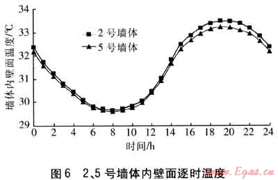 對(duì)比不同厚度絕熱材料的外保溫墻體。2號(hào)墻體采用30mm厚EPS板作為絕熱材料,5號(hào)墻體采用50mm厚EPS板作為絕熱材料。2、5號(hào)墻體的衰減度分別為35.68、47.26。在同一溫度波的連續(xù)作用下,2、5號(hào)墻體內(nèi)壁面逐時(shí)溫度見(jiàn)圖6。由圖6可知,5號(hào)墻體的內(nèi)壁面溫度波動(dòng)范圍小于2號(hào)墻體,且前者內(nèi)壁面溫度低于后者。因此衰減度大的墻體內(nèi)壁面溫度更低,熱穩(wěn)定性更好。但2號(hào)與5號(hào)墻體內(nèi)壁面溫度差別不大,因此隨著絕熱材料厚度的增加,絕熱效果改善不明顯。
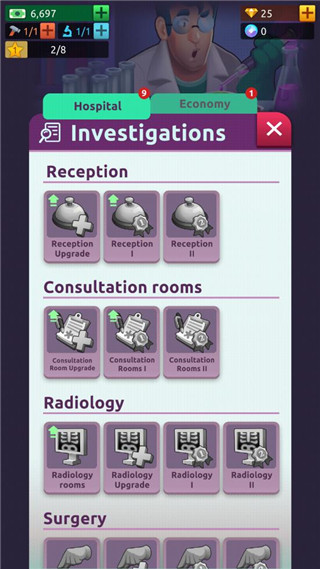 一个有价值的医院需要实施不同的科室,如放射科、创伤科、医务室、急诊室,甚至是配备齐全的候诊室。当然还有最好的手术室!明智地再投资您的收入,以改善您场所内的所有区域,并快速做出决定,为越来越多的患者提供服务
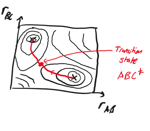 Fig. 4.40 A 2-dimensional contour plot of the energy in the reaction space with coordinates \(r_\ce{AB}\) and \(r_\ce{BC}\), showing the reactants and products as local minima joined by their reaction pathway containing the transition state \(\ce{ABC^\ddagger}.\)#
============================================================
## Exercise brief
Copy the line showing "一个有价值的医院需要实施不同" exactly, along with each line after it through the end of the material above. Pictures stay out.

## Expected output
 一个有价值的医院需要实施不同的科室,如放射科、创伤科、医务室、急诊室,甚至是配备齐全的候诊室。当然还有最好的手术室!明智地再投资您的收入,以改善您场所内的所有区域,并快速做出决定,为越来越多的患者提供服务
 Fig. 4.40 A 2-dimensional contour plot of the energy in the reaction space with coordinates \(r_\ce{AB}\) and \(r_\ce{BC}\), showing the reactants and products as local minima joined by their reaction pathway containing the transition state \(\ce{ABC^\ddagger}.\)#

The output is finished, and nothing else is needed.